• **What you are asked to do**
After finding "Pembaruan layanan pemutaran" in the data, write out its line and all following lines without change, up to and including the last one. Leave out pictures.

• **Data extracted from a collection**
===============

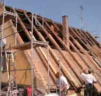 Dabei erhalten Sie alle Gewerke aus einer Hand, vom Gerüstbau über leichte Zimmermanns- und Flaschnerarbeiten bis zum traditionellen Dachdecken.
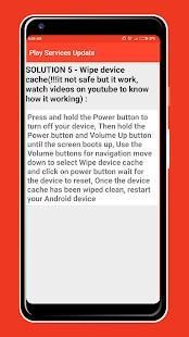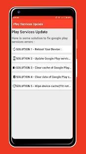 Pembaruan layanan pemutaran juga akan memberi Anda beberapa solusi untuk memperbaiki kesalahan layanan google play sehingga Anda dapat memperbaiki kesalahan "Gogle Play Services Stopped Working"
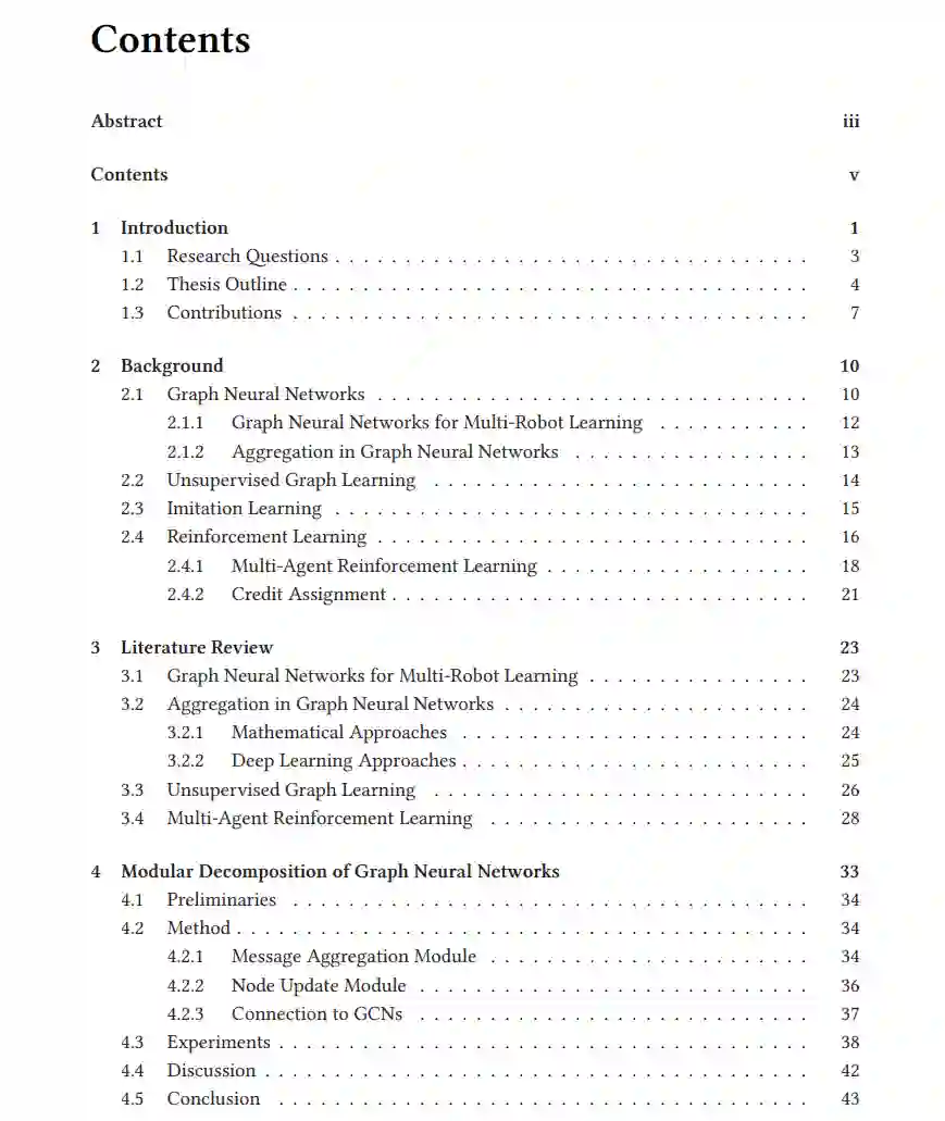 本论文探讨了GNNs在多智能体学习中的应用。为了指导我们的研究,我们提出以下研究问题: * 当前GNN架构在多机器人应用中的弱点是什么,如何改进?在为该领域提供贡献之前,重要的是要更好地理解GNNs的工作原理。当两个GNNs在性能上表现出差异时,我们能解释原因吗?或者更简单地说,我们能描述架构本身的差异吗?此外,如果我们能识别出一个弱点,那么我们如何解决它?由于答案在不同领域之间可能不同,我们专注于一个特定应用:基于GNN的多机器人系统策略。
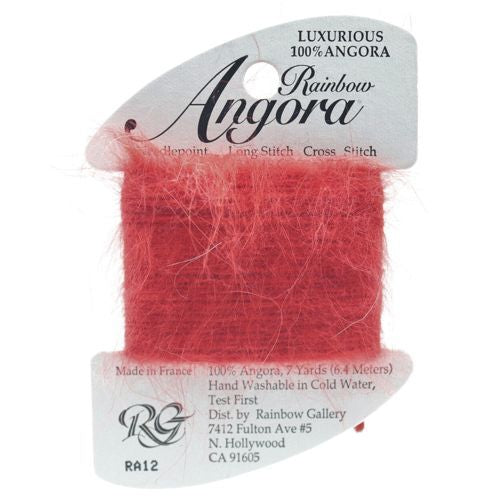 This is Angora from Rainbow Gallery in color 12 Christmas Red. Made with real Angora! Perfect for fur and beards. 2 or 3 ply on 13 mesh, 1 or 2 ply on 18 mesh.
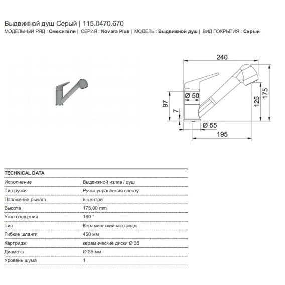 Крепление, Аэратор, Гибкая подводка, Душевой шланг, Душевая лейка
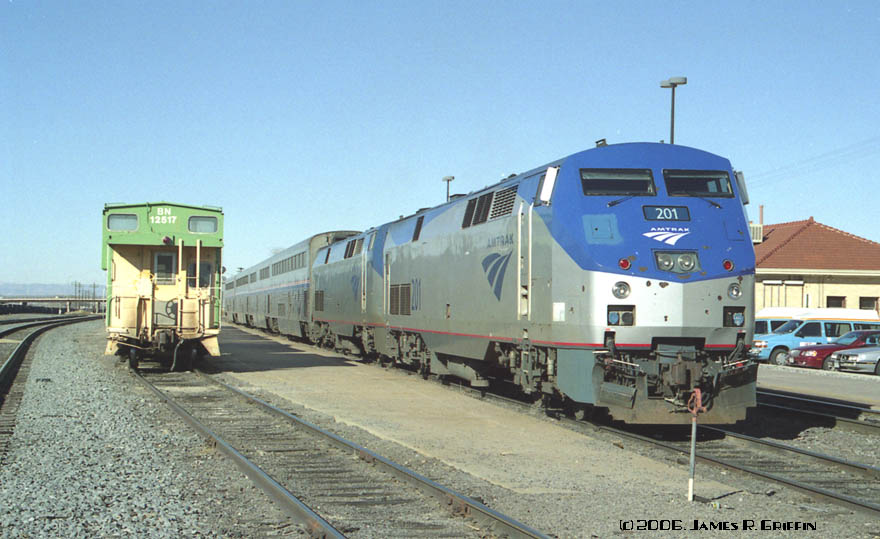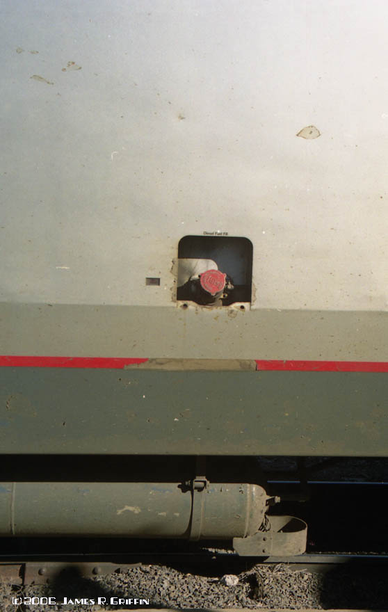 On January 5, 2006, the California Zephyr was run as a stub operation west of Denver, terminating in Grand Junction. As a result, the equipment was parked at the Grand Junction depot and easily accessible for the entire morning. I availed myself of the opportunity to walk around and take a few detail photos. It helped that the old yard office building has an external stairway and balcony that overlooks the track…

===============

• **Completed exercise**
 Pembaruan layanan pemutaran juga akan memberi Anda beberapa solusi untuk memperbaiki kesalahan layanan google play sehingga Anda dapat memperbaiki kesalahan "Gogle Play Services Stopped Working"
 本论文探讨了GNNs在多智能体学习中的应用。为了指导我们的研究,我们提出以下研究问题: * 当前GNN架构在多机器人应用中的弱点是什么,如何改进?在为该领域提供贡献之前,重要的是要更好地理解GNNs的工作原理。当两个GNNs在性能上表现出差异时,我们能解释原因吗?或者更简单地说,我们能描述架构本身的差异吗?此外,如果我们能识别出一个弱点,那么我们如何解决它?由于答案在不同领域之间可能不同,我们专注于一个特定应用:基于GNN的多机器人系统策略。
 This is Angora from Rainbow Gallery in color 12 Christmas Red. Made with real Angora! Perfect for fur and beards. 2 or 3 ply on 13 mesh, 1 or 2 ply on 18 mesh.
 Крепление, Аэратор, Гибкая подводка, Душевой шланг, Душевая лейка
 On January 5, 2006, the California Zephyr was run as a stub operation west of Denver, terminating in Grand Junction. As a result, the equipment was parked at the Grand Junction depot and easily accessible for the entire morning. I availed myself of the opportunity to walk around and take a few detail photos. It helped that the old yard office building has an external stairway and balcony that overlooks the track…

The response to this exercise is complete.